Animer une heure de vie en classe

De Véronique GUERIN, psychosociologue, auteure du livre “ A quoi sert l’autorité ? S’affirmer, respecter, coopérer ” Editions Chronique Sociale, 2001

L’heure de vie de classe a été instituée en 1999 pour permettre un temps régulier environ 10 heures par an) d’échanges  au sein du groupe-classe. Ces échanges peuvent concerner la vie de classe elle-même (les projets, le climat, les conflits…) ou aborder également des sujets de société plus généraux. Ce temps est animé en général par le professeur principal, mais d’autres enseignants ou des personnes extérieures peuvent également être sollicités pour intervenir.
L’idée de créer ce temps d’échanges constitue une avancée importante dans la reconnaissance de la classe comme un groupe qui a une dynamique et une vie qui lui sont propres. Et effectivement, des études  montrent que l’état des relations entre les élèves peuvent  favoriser ou freiner les apprentissages de chacun. Ces temps de régulations sont donc essentiels pour favoriser un climat serein. Ils permettent que puissent s’exprimer les désirs ou les frustrations et se régler les différends et les tensions.
La difficulté principale réside dans le mot « Animer » qui implique une posture peu familière aux enseignants et qui ne fait pas encore partie de leur formation initiale. Ceux-ci sont habitués à transmettre et à évaluer des savoirs alors que, dans l’heure de vie de classe, il s’agit de favoriser et de canaliser l’expression de points de vue et de ressentis d’élèves et d’encourager la recherche d’éventuelles solutions. Il ne s’agit pas que l’enseignant devienne assistant social ou psychologue mais simplement qu’il prenne régulièrement le pouls de la classe comme cela se fait dans la majorité des formations pour adultes afin de guider et d’accompagner le groupe.
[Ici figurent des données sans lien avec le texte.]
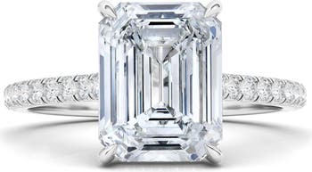 An emerald-cut lab-created diamond centers a pavé band in this 18-karat-gold ring that brightens any ensemble.
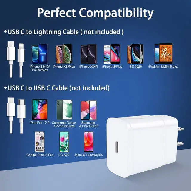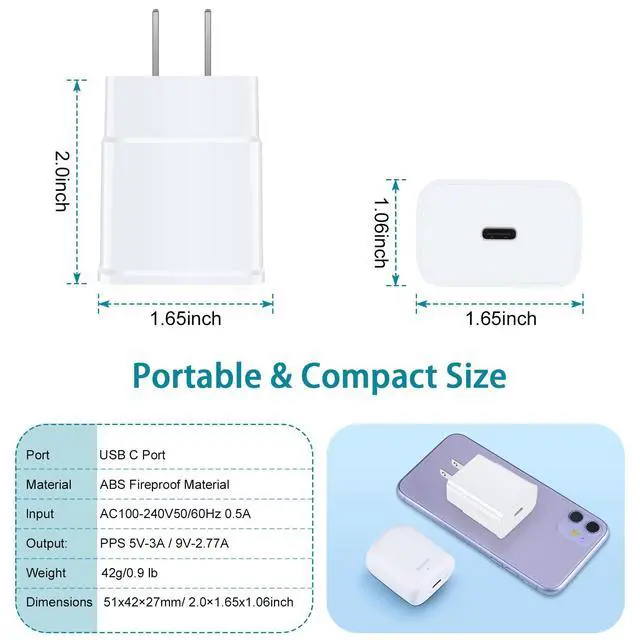PD 3.0 25W USB-C Power Adapter with USBC to USB-C Charger Cord

Pour « réussir » l’heure de vie de classe, l’enseignant doit être capable de tenir un cadre sécurisant tout en encourageant l’expression de chacun : un équilibre de funambule qui demande fermeté et réceptivité. Il lui faut, pour cela, suivre certaines règles essentielles (disposition des élèves en cercle, règles de parole, bâton de parole, reformulation…) qui sont présentées de façon très claire sur le site du Centre National de Documentation Pédagogique . Cette animation est un réel apprentissage qui nécessite, sous peine de démotivation, un minimum de formation et d’accompagnement. La possibilité de faire venir des intervenants extérieurs est aussi une belle opportunité de sortir les enseignants de leur isolement dans certaines classes « difficiles ». Ils peuvent être soutenus par des personnes expérimentées dans l’animation de groupes, s’inspirer de leur expérience pour travailler avec leur classe et partager leurs questions et difficultés.
Au-delà de ce moment ponctuel, l’animation de l’heure de vie de classe est une réelle opportunité pour les enseignants de développer de nouvelles compétences pédagogiques et relationnelles. En associant apprentissage et socialisation, la transmission des savoirs s’inscrit alors dans un groupe-classe plus sécurisant et vivant. Ce groupe que les enseignants vivent encore souvent aujourd’hui comme une contrainte avec laquelle ils se débattent devient progressivement une ressource et un soutien pour aider chaque élève à mieux comprendre monde, les autres et lui-même.